Are your teenage children staying up all night on their laptops or mobile phones? Then, they likely suffer from sleepiness, moodiness, and behavioural problems during the daytime. And they’re not the only ones suffering from lack of sleep because many other teenagers have been suffering the same effects.
More and more adolescents are cutting down on their sleep hours and suffering the consequences. Sleep experts point to one specific culprit: smartphones. Extended and accessible screen time mainly contributes to teenage chronic sleep deprivation.
What can you do to convince teenagers that sleep is king?
Sleep is for the weak…
Young ones today tend to think that sleep is for the weak. They stay awake all night long, consume energy drinks during the daytime, and live life with little sleep. They don’t want to miss anything exciting or fun. They want to participate and live out as much of their teen years as possible.
Naturally, the more teens stay awake, the lesser their sleep time becomes. It’s an old problem well-documented by sleep experts. As early as 1975, researchers William Dement and Mary Carskadon studied 10 and 12-year-olds and discovered that teens roughly need 9 hours of sleep throughout their teen years. Less than that leads to cumulative sleep debt and increasing sleepiness as days go by.
In more modern times, in a podcast, Dr. Chris Seton, an adolescent sleep specialist, shared that, “15 years ago, 30 per cent of Australian teenagers were chronically sleep-deprived.” However, based on estimates, he revealed that 70 per cent of adolescents suffer from less sleep.
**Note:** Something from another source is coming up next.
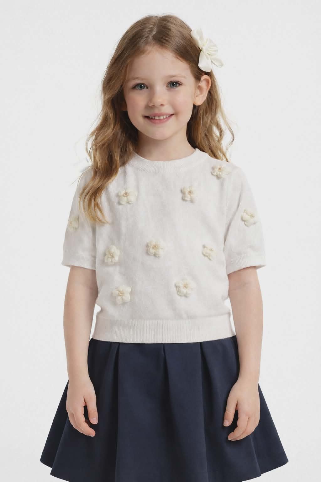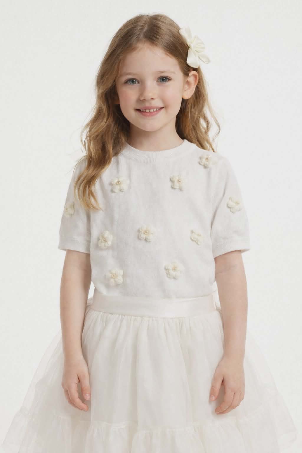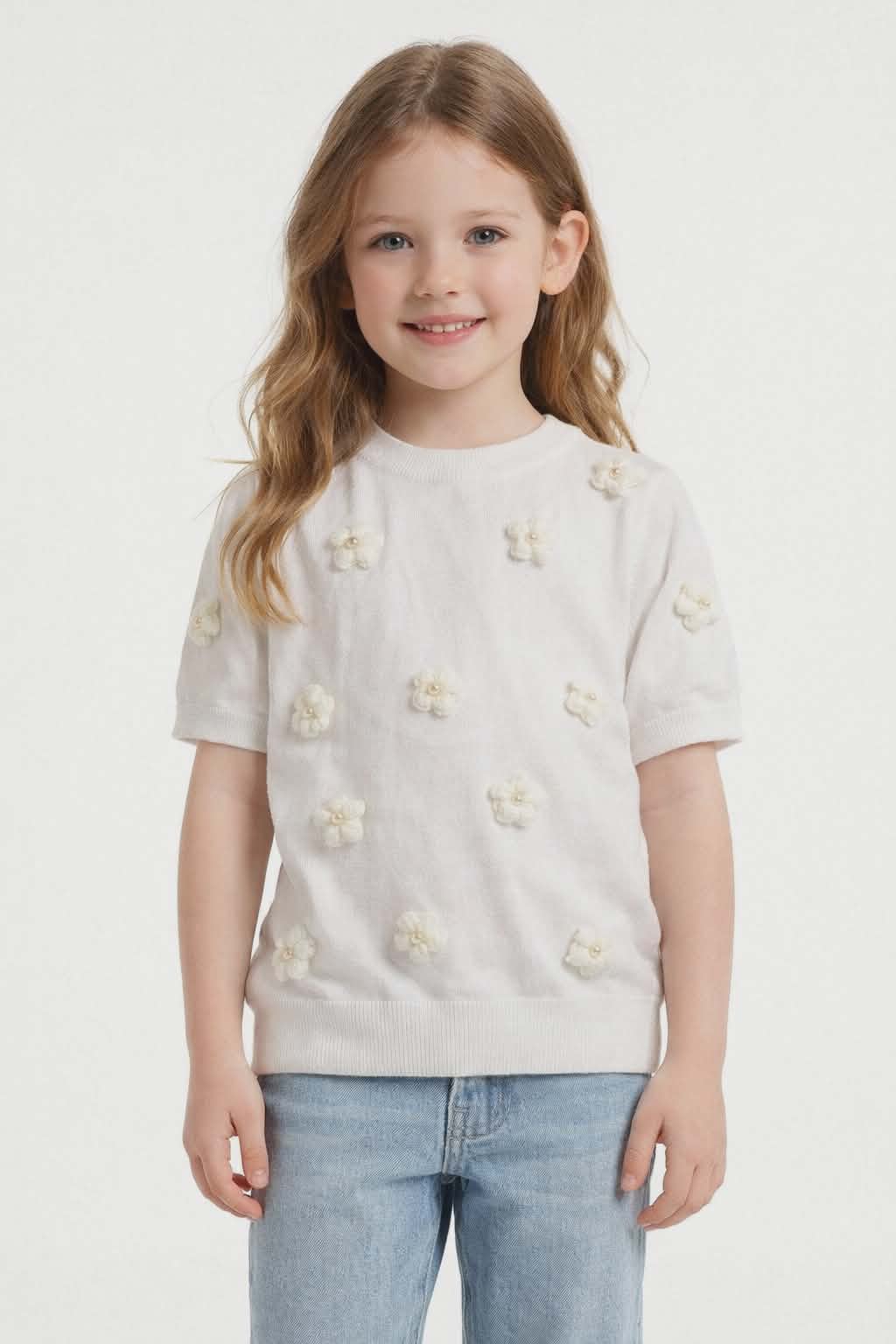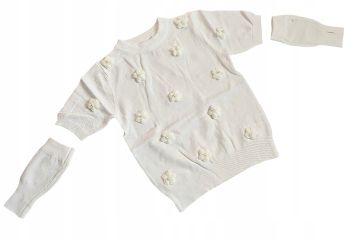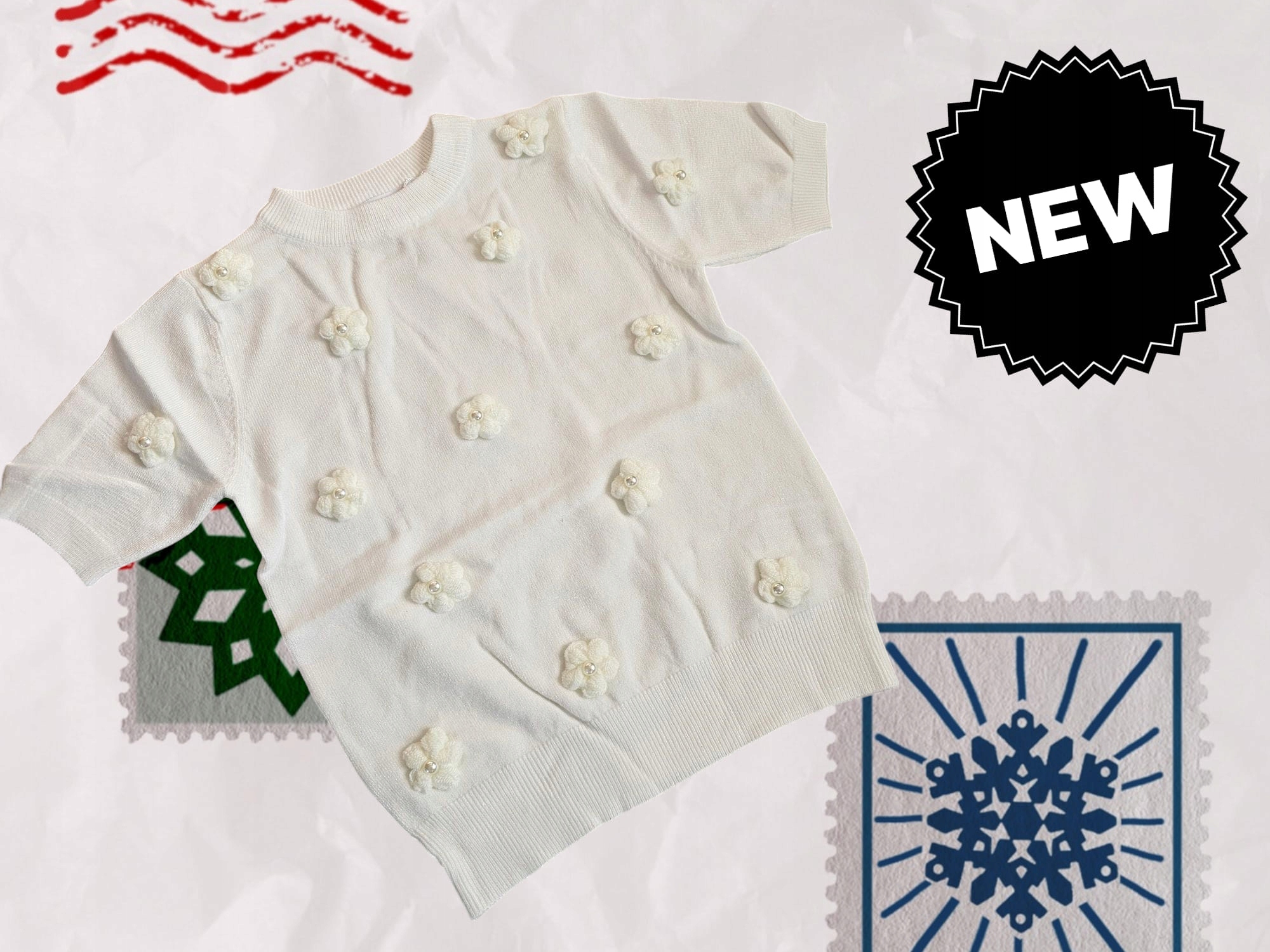❄️�� Przemiły w dotyku biały, cienki sweter z krótkim rękawem, ozdobiony trójwymiarowymi aplikacjami kwiatów. Kwiaty są równomiernie rozmieszczone na całej powierzchni dzianinowej bluzki i mają małe perełki w środku.

…But no sleep makes you weak
Staying up when they’re told to sleep may excite teenagers, but chronic insufficient sleep can cause various physical, behavioural, and mental issues.
Physical Effects
For example, Dr. Seton explained that constant sleep deprivation shifts the focus of the immune system to survival. You will likely contract more illnesses, and you’ll take longer to recover when you do get sick. Literally, a small amount of sleep makes you weak.
Mental Effects
In another aspect, sleep directly affects mood and, in general, mental health. Notice: if you get good quality sleep, you’re usually happy in the morning, but get poor sleep, and you’re irritable when you wake up. In worse cases, according to the National Sleep Foundation, not having enough sleep can contribute to the development of mental disorders.
Performance Effects
In addition, the brain is affected by a good night’s rest. Analytical and creative thinking need quality sleep, but sleep debt can dampen your thinking power. Drowsiness and lack of attention because of lack of sleep can also lower academic performance.
Behavioural Effects
If you think it is weakened, you can also expect poor decision-making skills. Research abounds that sleep deprivation in teens relates to high-risk practices such as texting while driving, drunk driving, and drug and alcohol use.
All these adverse effects emphasize the importance of sleep for teenagers. Poor teen sleep will only lead to sleep problems and more.
Why sleep became boring
Dr. Seton mainly accuses easily accessible screen time of keeping teens awake all night. Other experts agree. Psychotherapist Julie Wright explained that electronic devices steal time from teens in many ways. Blue light from smartphones, for example, signals the brain to stay awake and stifles the release of melatonin, the sleep hormone that regulates the sleep-wake cycle.
In another way, according to Wright, teens enter a “flow” state when browsing social media or playing games. You become so involved with what you’re seeing or playing that you lose track of time.
Finally, Dr. Seton explained that using smartphones feels more fun, engaging or addictive than sleep. So, teens undervalue the worth of proper sleep habits. They want to be updated with everything, or they want to be the first to know about anything. They’d rather be on their phones than go to sleep at night.
How to help teens love to sleep again
Thankfully, much can still be done to help teenagers regain healthy sleep patterns and experience better sleep.
For one, although this depends on high school authorities, experts across the board agree that late school start times for high school students can improve teen sleep. Later start times allow teens to sleep in, wake up feeling refreshed, and be less likely to develop sleep disorders. A study in the Pediatrics journal of the American Academy of Pediatrics, as well as another study by the University of Minnesota and the CDC, confirm it.
Of course, parents have less control over school schedules and more power at home. Although controversial, a strict “no smartphones” rule may work if you explain why you want to take their devices away. Do it yourself, and your teens will follow. If you all use your phones as alarm clocks, you can easily replace them with analogue alarms. They will do the job just as well and eliminate blue light in the bedroom.
Alternatively, parents can find opportunities to talk about sleep with their teenage children. Use their favourite curricular or extracurricular activities to encourage self-motivation. Suppose your child understands that following a healthy sleep schedule will help with his or her well-being and academic, sports, creative, or relational performance. In that case, they will definitely sleep appropriately on their own.
Help your teens sleep for their own sake
The issue of little to no sleep among teens is widespread from Australia to the rest of the world. Teens are feeling the harmful effects of their improper sleep habits. However, you can help and encourage your children to get proper sleep as long as you show them how important sleep can be in their lives. They’ll choose to go to sleep themselves once they understand how valuable sleep is.